• Required work
When writing out the entries below, keep only the lines from the line with "where denotes the" to the line with "Если откроем раздел", both included, exactly as they are, and leave the pictures aside.

• Source material
········

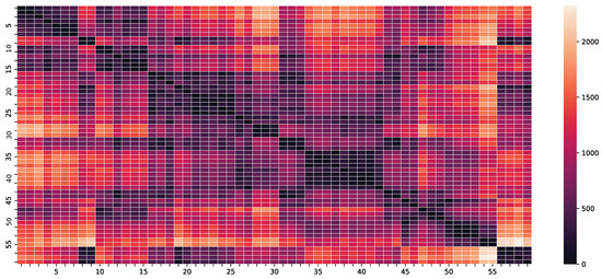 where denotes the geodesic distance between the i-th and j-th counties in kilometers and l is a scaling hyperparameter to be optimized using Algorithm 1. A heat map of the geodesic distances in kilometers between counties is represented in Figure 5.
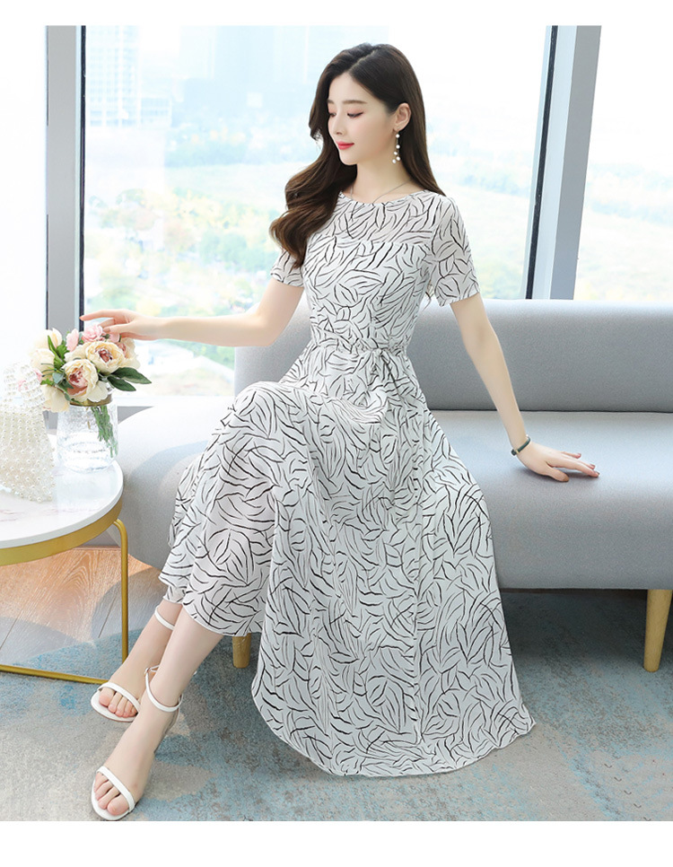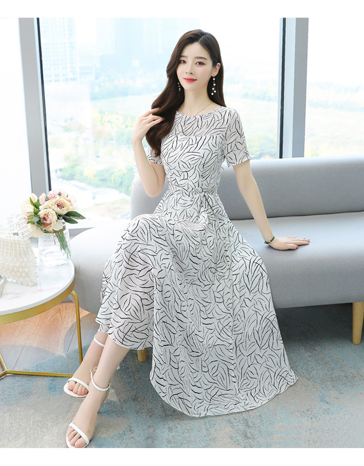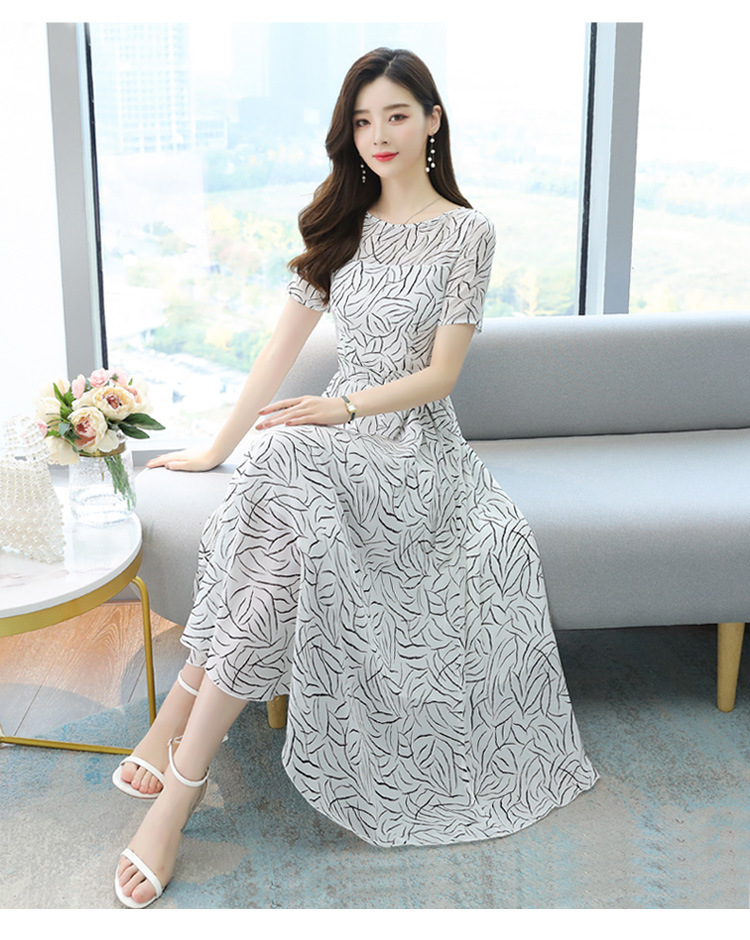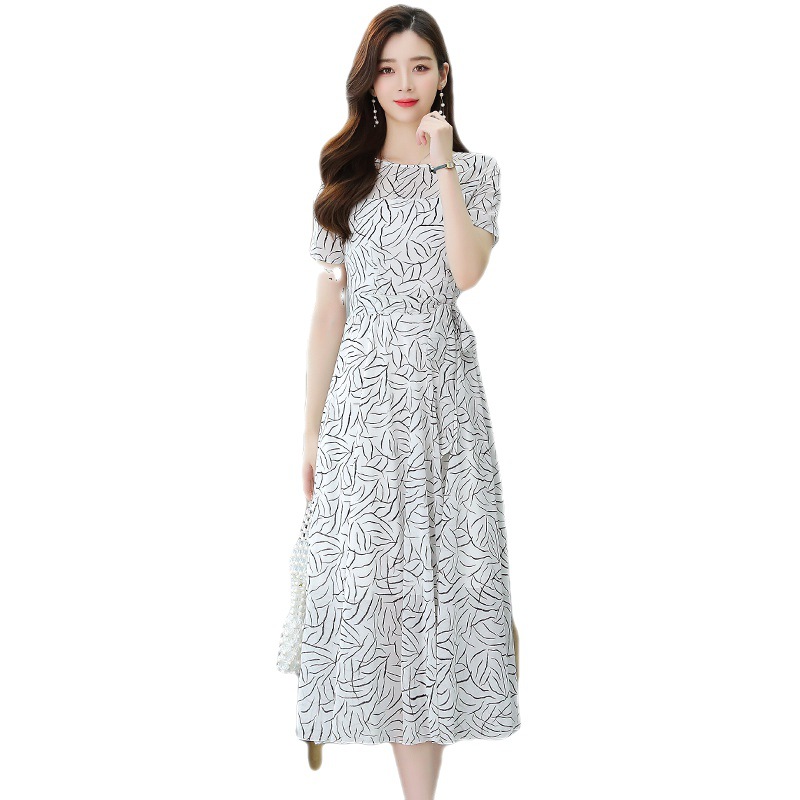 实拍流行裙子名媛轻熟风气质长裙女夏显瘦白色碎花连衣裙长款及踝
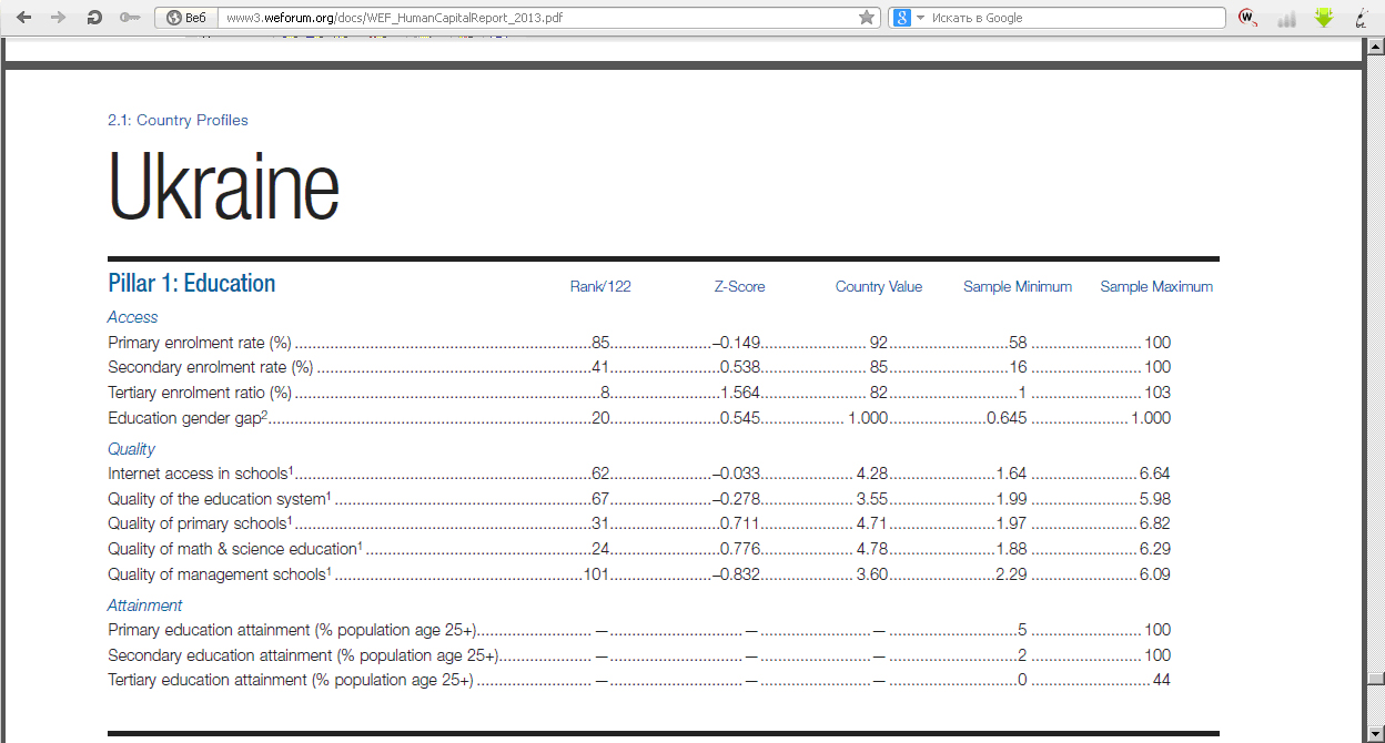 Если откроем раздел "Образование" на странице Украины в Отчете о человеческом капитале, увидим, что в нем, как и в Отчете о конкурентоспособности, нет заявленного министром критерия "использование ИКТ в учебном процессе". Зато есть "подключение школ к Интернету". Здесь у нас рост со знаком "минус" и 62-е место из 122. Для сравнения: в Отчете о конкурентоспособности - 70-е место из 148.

········

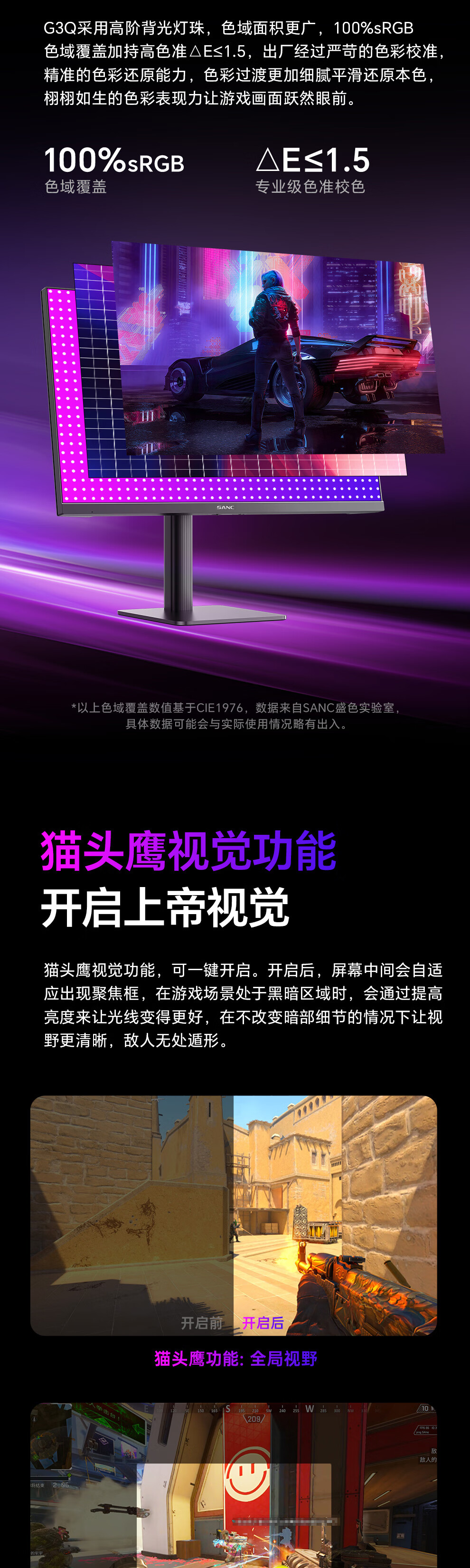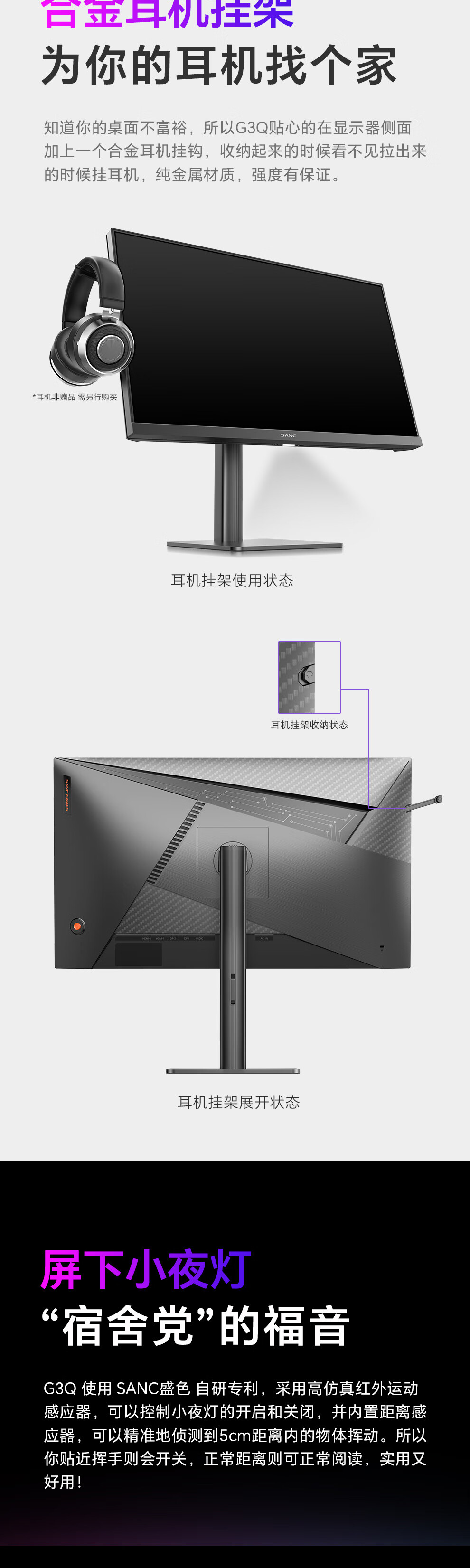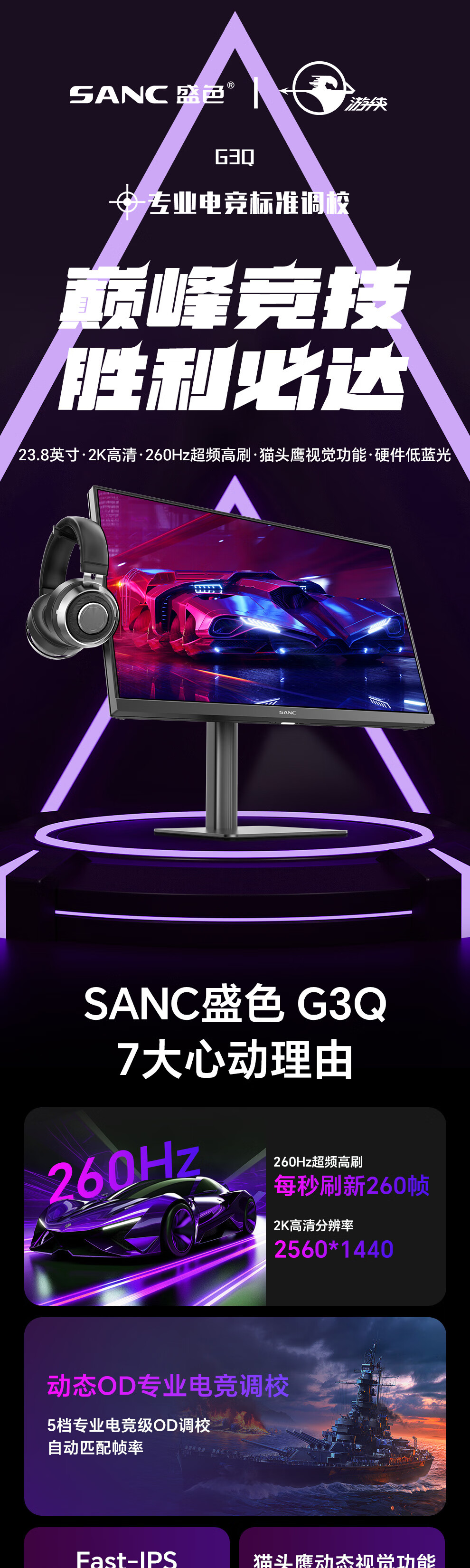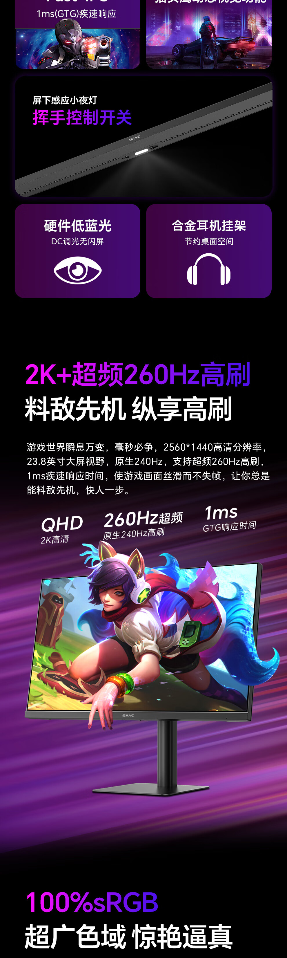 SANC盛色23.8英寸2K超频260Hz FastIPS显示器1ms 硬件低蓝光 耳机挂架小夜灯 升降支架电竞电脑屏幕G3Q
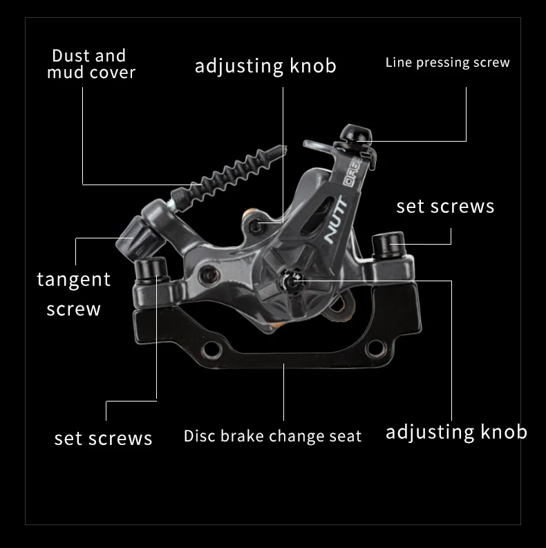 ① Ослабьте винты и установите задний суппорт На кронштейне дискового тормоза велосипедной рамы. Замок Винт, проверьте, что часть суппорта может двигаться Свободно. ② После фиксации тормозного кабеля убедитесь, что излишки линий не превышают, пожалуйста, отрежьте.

········

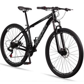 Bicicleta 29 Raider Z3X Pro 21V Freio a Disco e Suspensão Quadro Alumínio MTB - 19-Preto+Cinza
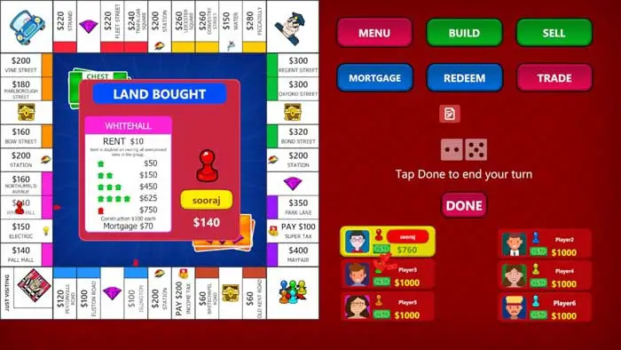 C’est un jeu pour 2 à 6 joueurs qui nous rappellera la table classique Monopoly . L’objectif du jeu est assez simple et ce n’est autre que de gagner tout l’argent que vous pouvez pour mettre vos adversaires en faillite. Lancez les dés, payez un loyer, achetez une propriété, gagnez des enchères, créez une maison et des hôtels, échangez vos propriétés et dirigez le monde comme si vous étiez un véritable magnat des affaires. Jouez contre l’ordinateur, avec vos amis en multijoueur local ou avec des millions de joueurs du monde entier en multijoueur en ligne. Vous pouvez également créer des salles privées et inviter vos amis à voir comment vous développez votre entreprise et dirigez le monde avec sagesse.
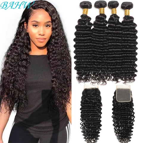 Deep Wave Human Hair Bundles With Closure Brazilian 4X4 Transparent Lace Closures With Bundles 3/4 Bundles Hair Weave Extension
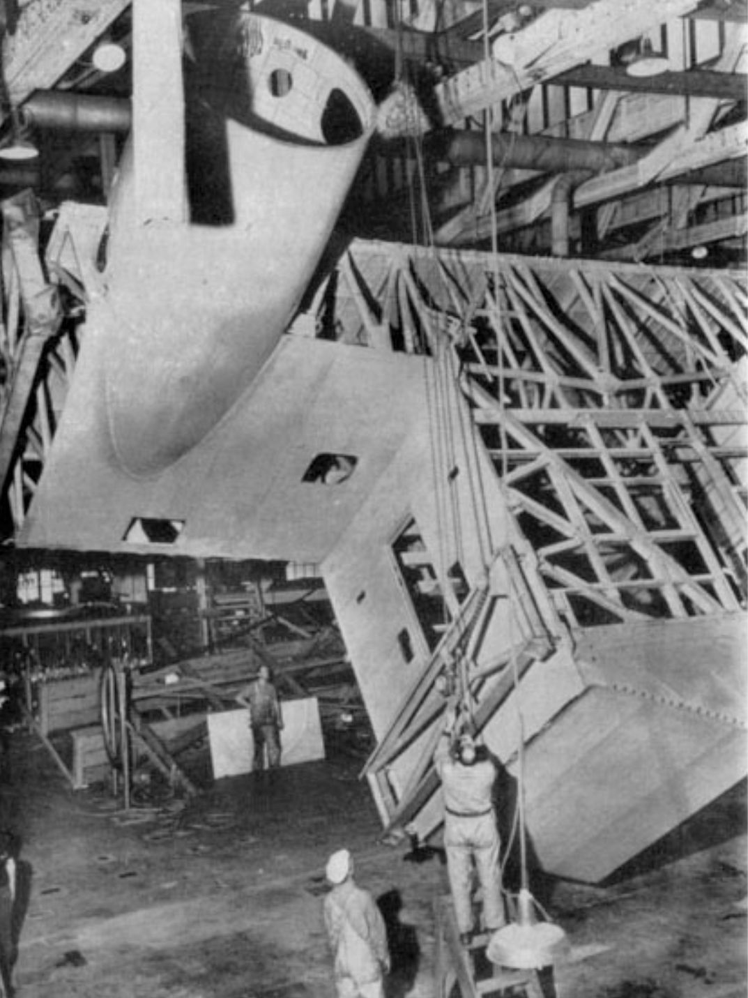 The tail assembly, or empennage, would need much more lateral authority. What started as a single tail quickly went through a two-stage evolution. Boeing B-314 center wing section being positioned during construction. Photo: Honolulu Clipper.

········

• Output for this task
 where denotes the geodesic distance between the i-th and j-th counties in kilometers and l is a scaling hyperparameter to be optimized using Algorithm 1. A heat map of the geodesic distances in kilometers between counties is represented in Figure 5.
 实拍流行裙子名媛轻熟风气质长裙女夏显瘦白色碎花连衣裙长款及踝
 Если откроем раздел "Образование" на странице Украины в Отчете о человеческом капитале, увидим, что в нем, как и в Отчете о конкурентоспособности, нет заявленного министром критерия "использование ИКТ в учебном процессе". Зато есть "подключение школ к Интернету". Здесь у нас рост со знаком "минус" и 62-е место из 122. Для сравнения: в Отчете о конкурентоспособности - 70-е место из 148.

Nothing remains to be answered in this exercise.